Last updated on: June 1, 2026, 11:34h.
- Venture capital firm’s a16zcrypto arm says sports event contracts declining as a share of total volume on Kalshi
- Other categories are growing rapidly as a percentage of Kalshi turnover
- a16z’s parent company is a major Kalshi investor
A company with a stake in Kalshi says that while sports event contracts remain a key contributor to the prediction market operator’s overall volume, other categories are starting to pick up some slack.

In a recent report, a16zcrypto — the cryptocurrency and prediction markets investing arm of Andreesen Horowitz — acknowledged that while as recently as March sports derivatives represented a significant portion of turnover on Kalshi, data indicate traders are embracing other categories.
At the time of the Kalshi Research Conference in March earlier this year, sports trading had just hit nearly $3 billion in weekly volume — roughly 80% of Kalshi’s total, largely driven by March Madness,” observes the investment firm. “But the more revealing stat? Sports as a share of total volume was actually at an all-time low even as its absolute volume hit an all-time high.”
A recent study by the Pew Research Center indicates that from July 2024 through April 2026, sports event contracts accounted for 80% of volume on Kalshi, which is the largest prediction market operator in the U.S.
Other Categories Growing Rapidly on Kalshi
It’s no secret that Kalshi and the prediction markets industry at large when to shed the image that their no more than alternatives to traditional sports wagering.

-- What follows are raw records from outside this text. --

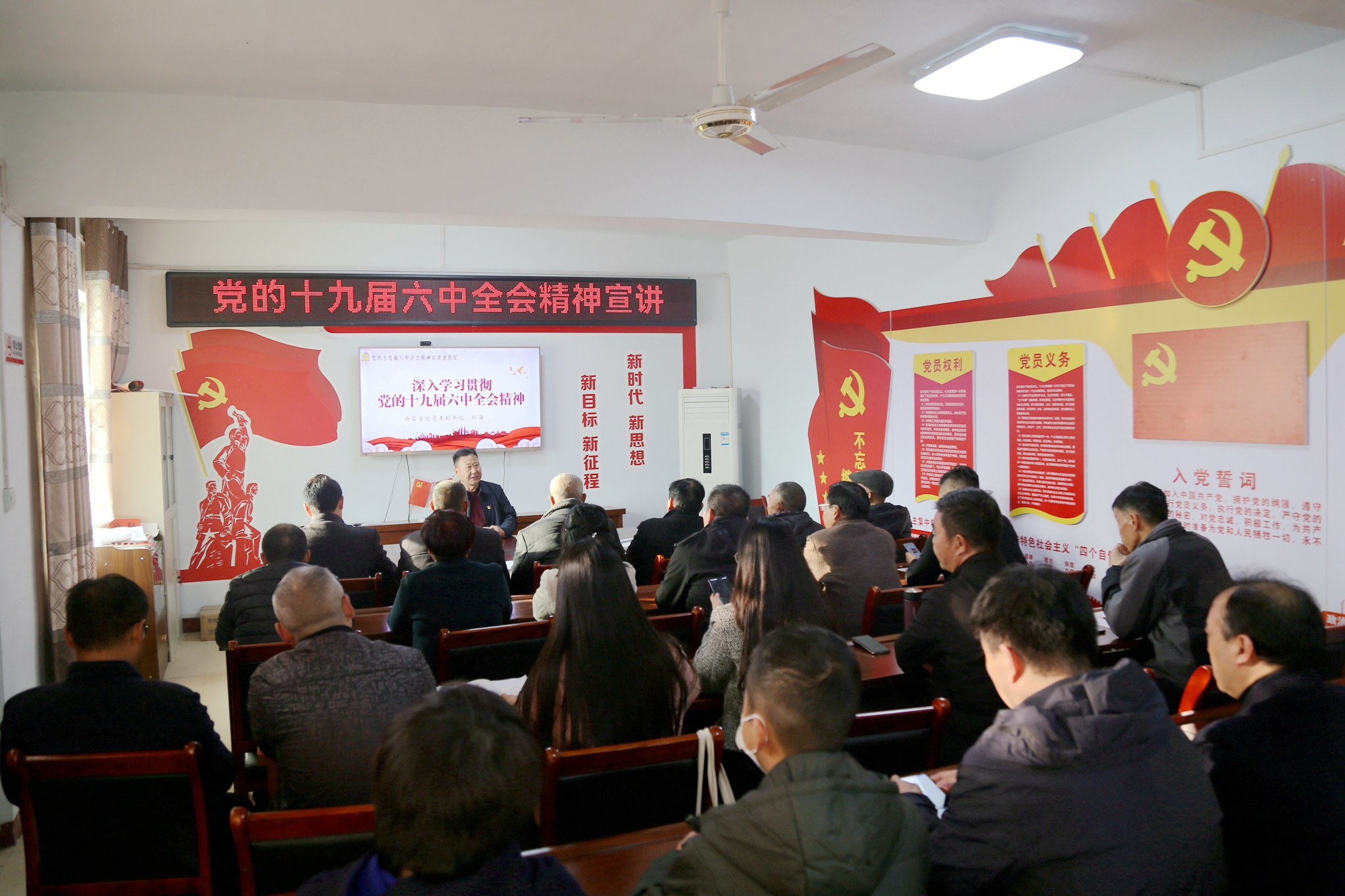 在袁庄村党群服务中心,孙海副书记以《深入学习贯彻党的十九届六中全会精神》为题为大家作宣讲。袁庄村“两委”班子成员代表、老党员同志代表、党员教师代表,许昌学院党委宣传部党支部党员等现场聆听。孙海副书记用丰富的理论、生动的语言,围绕马克思主义中国化的“三次飞跃”、“两个确立”的决定性意义、“十个坚持”百年奋斗历史经验等方面,对大会审议通过的《中共中央关于党的百年奋斗重大成就和历史经验的决议》进行了重点解读,让全会精神深入基层、入脑入心。
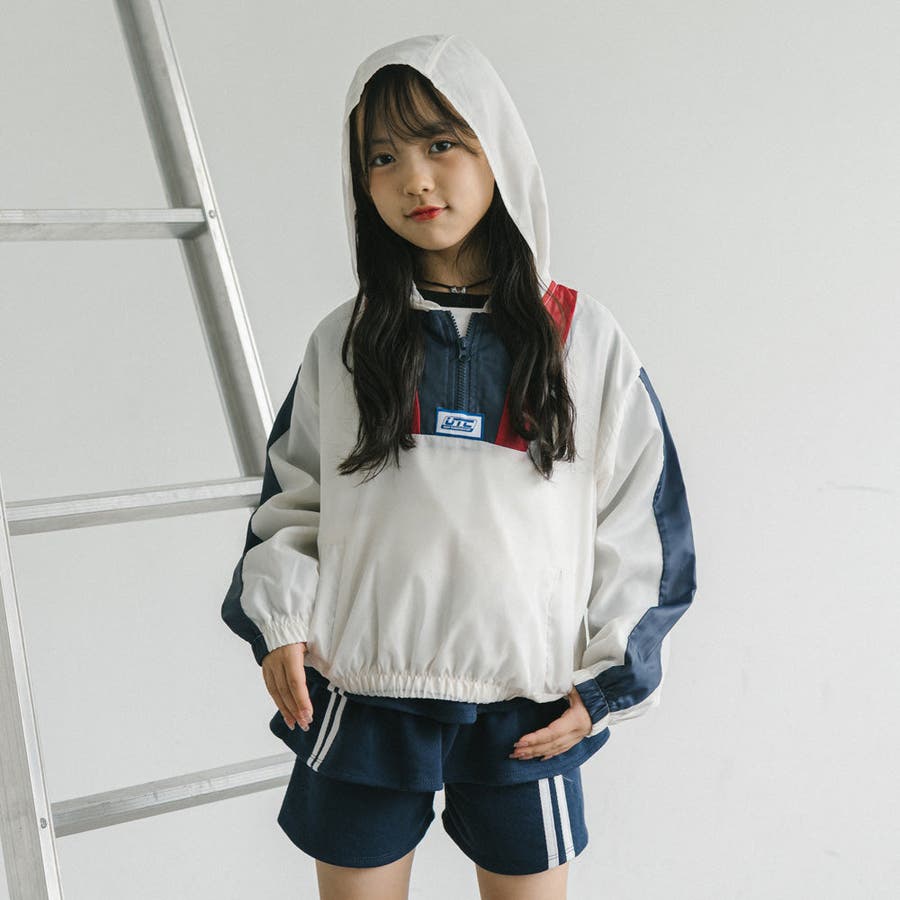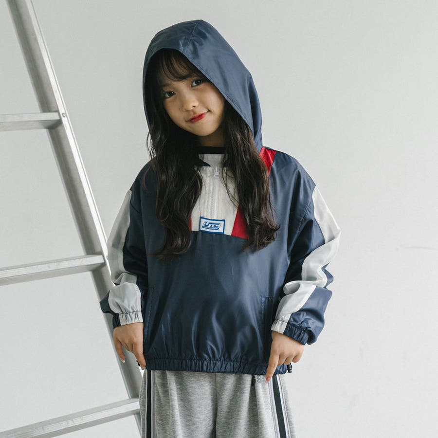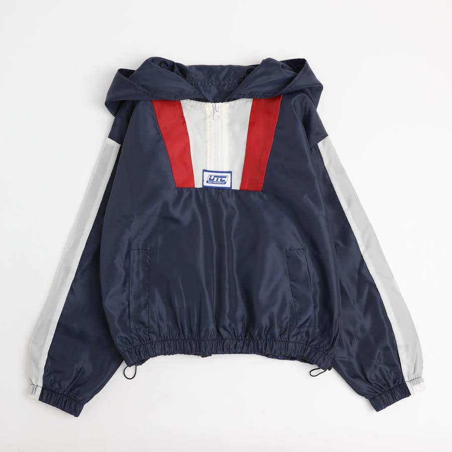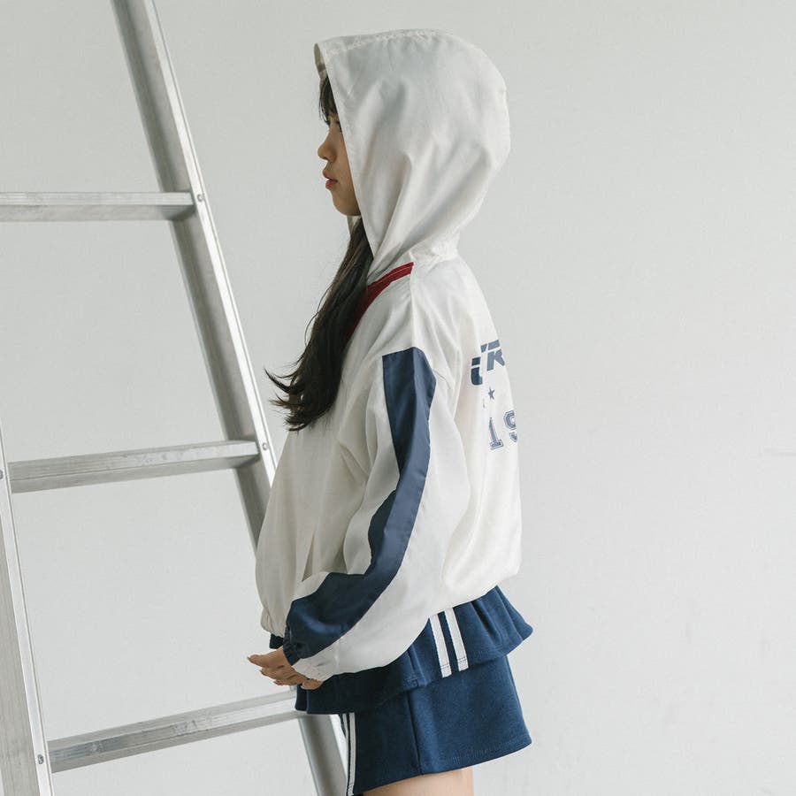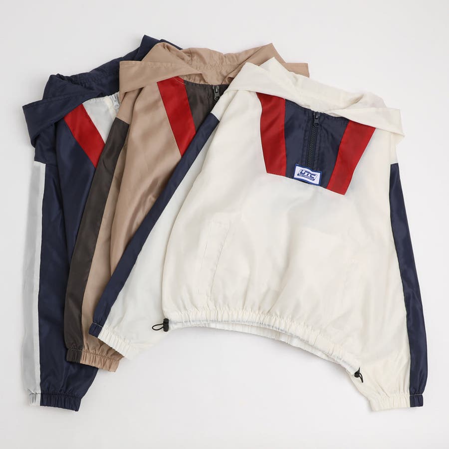 軽くてタフなさらツヤタフタ素材を使用した配色デザインのフード付きアノラックジャケット。
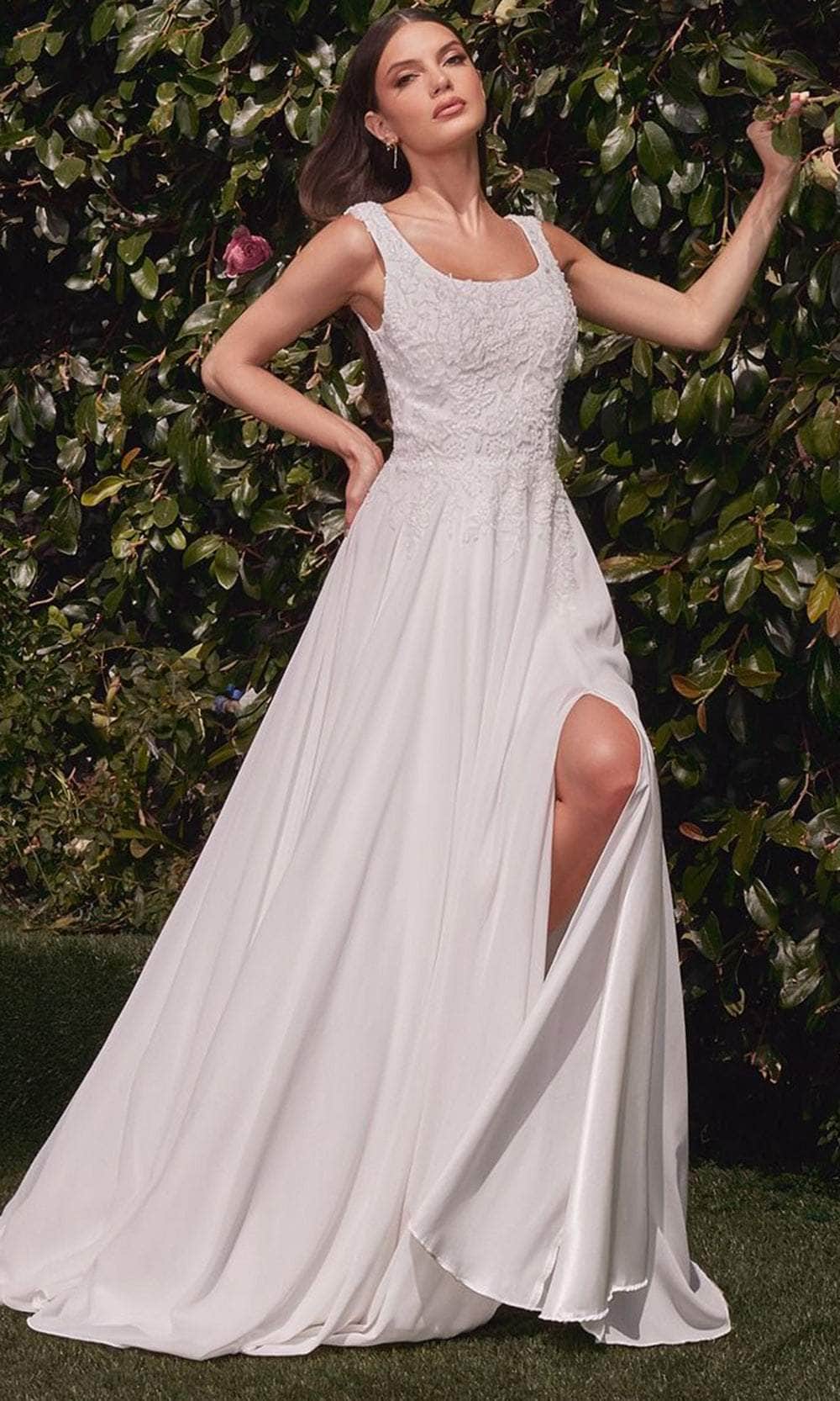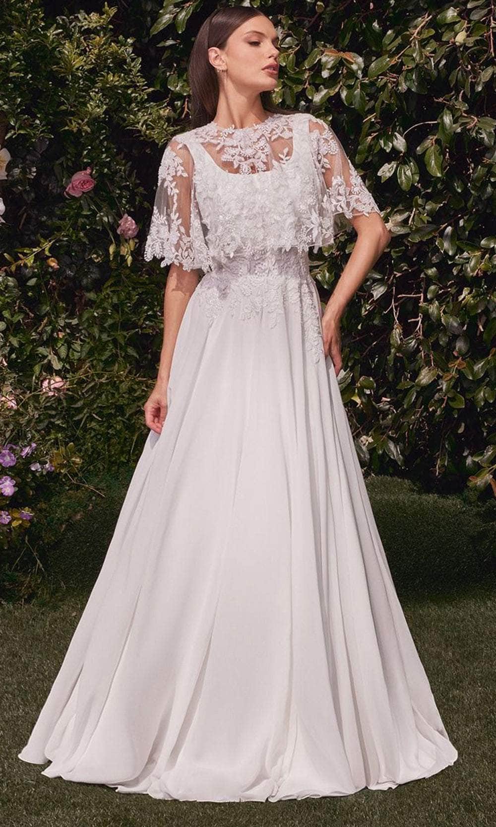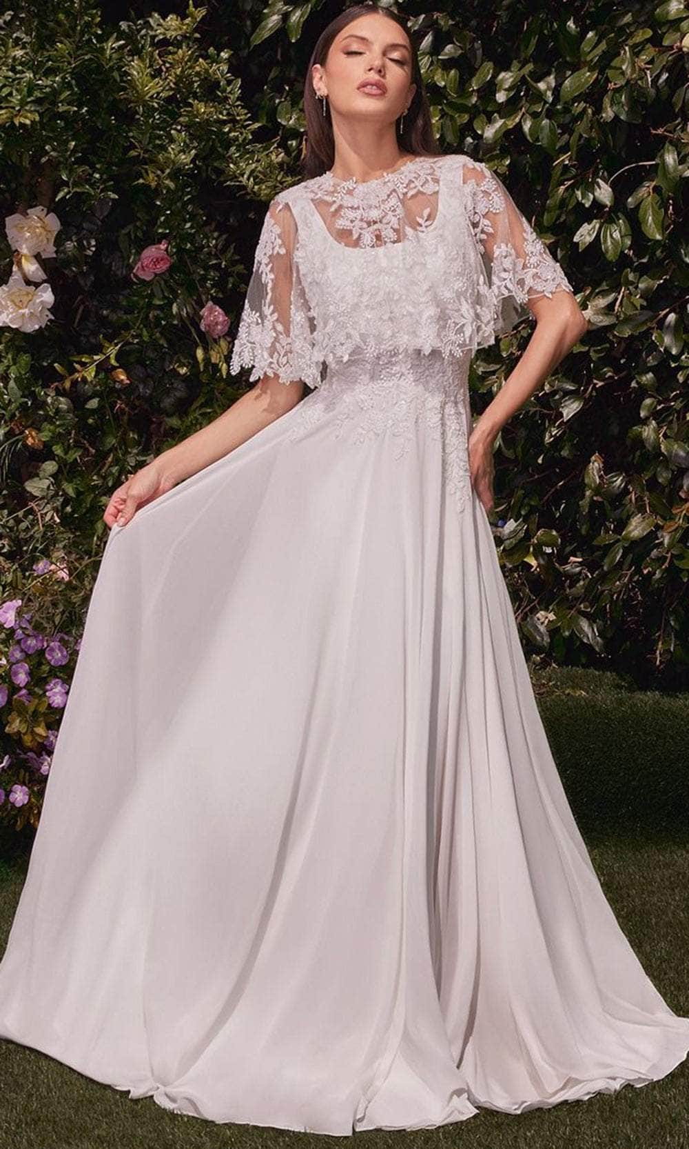 Mesmerize the crowd with your sophisticated flair in this Ladivine CDS503W bridal dress. All will be head over heels for how classy you look with this attire which showcases an endearing scoop neckline on a fitted and sleeveless bodice, complemented by a detachable illusion cape. This dress also reveals a classy mid-open scoop back that is secured by a zipper for a refined finish. The top is designed with beads in a floral style, while the skirt displays an A-line silhouette that is evident down to the floor length. Look immaculately gorgeous in Ladivine CDS503W masterpiece. Model is wearing Off White color.

For its part, Kalshi has expanded its menu to include event contracts on commodities, fine art and luxury watches, among other categories, while attempting to boost its utility for institutional investors.
a16zcrypto notes that while sports derivatives are table-setters that get some traders and bettors through the Kalshi door, other segments are growing, too.
“Every other category was growing faster. The Kalshi co-founders pointed to entertainment, crypto, politics, and culture as categories showing stronger user-growth — and better volume-retention cohorts than sports,” according to the firm.
Polymarket — Kalshi’s most direct competitor — is more balanced in volume terms. Over the July 2024 to April 2026 period cited in the Pew survey, sports event contracts represented 39% of Polymarket’s turnover with cryptocurrency and political derivatives combining for 52%.
Non-Sports Growth Essential for Prediction Markets
By some estimates, prediction markets volume could reach $1 trillion or more by 2030. Getting there requires growth outside the realm of sports — something the industry is likely to embrace because it means top-line growth and less legal scrutiny than what operators have encountered by diving into sports event contracts.
Additionally, reducing dependence on sports derivatives could position prediction markets to focus on one of the industry’s original intents — providing potentially superior alternatives to traditional forecasts and polls.
“First of all, the simple fact that they provide a probability estimate is a superpower. Polls and surveys, by contrast, just give an opinion share — and to convert that into a probability, you have to reason statistically about how the share you measured relates to the overall population,” notes Scott Kominers of a16zcrypto. “Polls also typically reflect just a snapshot in time, whereas prediction markets can update in real time as new participants and/or new information arrives.”